WHAT YOU WILL DO —
In the entries that follow, the lines from the line containing "Если у Вас особые" up to and including the line containing "在各大電商平臺、物流企業的倉" must be copied exactly, with pictures omitted.

INPUT FOR THIS TASK —

BEGIN

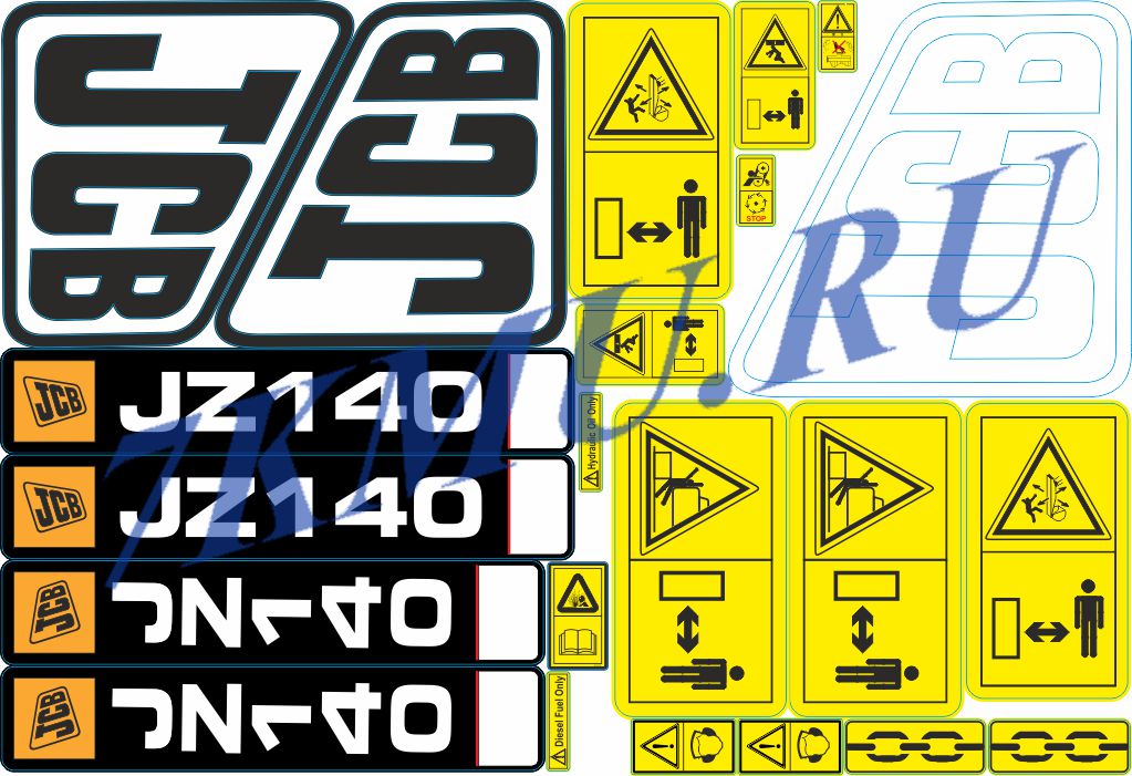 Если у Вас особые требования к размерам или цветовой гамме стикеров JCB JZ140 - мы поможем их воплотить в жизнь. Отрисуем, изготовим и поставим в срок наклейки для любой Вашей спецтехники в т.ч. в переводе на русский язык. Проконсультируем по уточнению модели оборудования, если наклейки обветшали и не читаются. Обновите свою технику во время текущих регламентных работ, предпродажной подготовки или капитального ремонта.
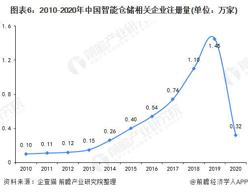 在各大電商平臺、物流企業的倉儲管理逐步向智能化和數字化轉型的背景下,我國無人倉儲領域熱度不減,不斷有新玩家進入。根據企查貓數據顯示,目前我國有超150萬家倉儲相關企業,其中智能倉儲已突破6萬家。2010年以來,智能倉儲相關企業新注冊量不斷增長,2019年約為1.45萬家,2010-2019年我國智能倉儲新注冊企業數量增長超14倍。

END
BEGIN

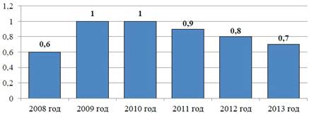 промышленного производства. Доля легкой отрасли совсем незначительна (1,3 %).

END

TASK SOLUTION —
 Если у Вас особые требования к размерам или цветовой гамме стикеров JCB JZ140 - мы поможем их воплотить в жизнь. Отрисуем, изготовим и поставим в срок наклейки для любой Вашей спецтехники в т.ч. в переводе на русский язык. Проконсультируем по уточнению модели оборудования, если наклейки обветшали и не читаются. Обновите свою технику во время текущих регламентных работ, предпродажной подготовки или капитального ремонта.
 在各大電商平臺、物流企業的倉儲管理逐步向智能化和數字化轉型的背景下,我國無人倉儲領域熱度不減,不斷有新玩家進入。根據企查貓數據顯示,目前我國有超150萬家倉儲相關企業,其中智能倉儲已突破6萬家。2010年以來,智能倉儲相關企業新注冊量不斷增長,2019年約為1.45萬家,2010-2019年我國智能倉儲新注冊企業數量增長超14倍。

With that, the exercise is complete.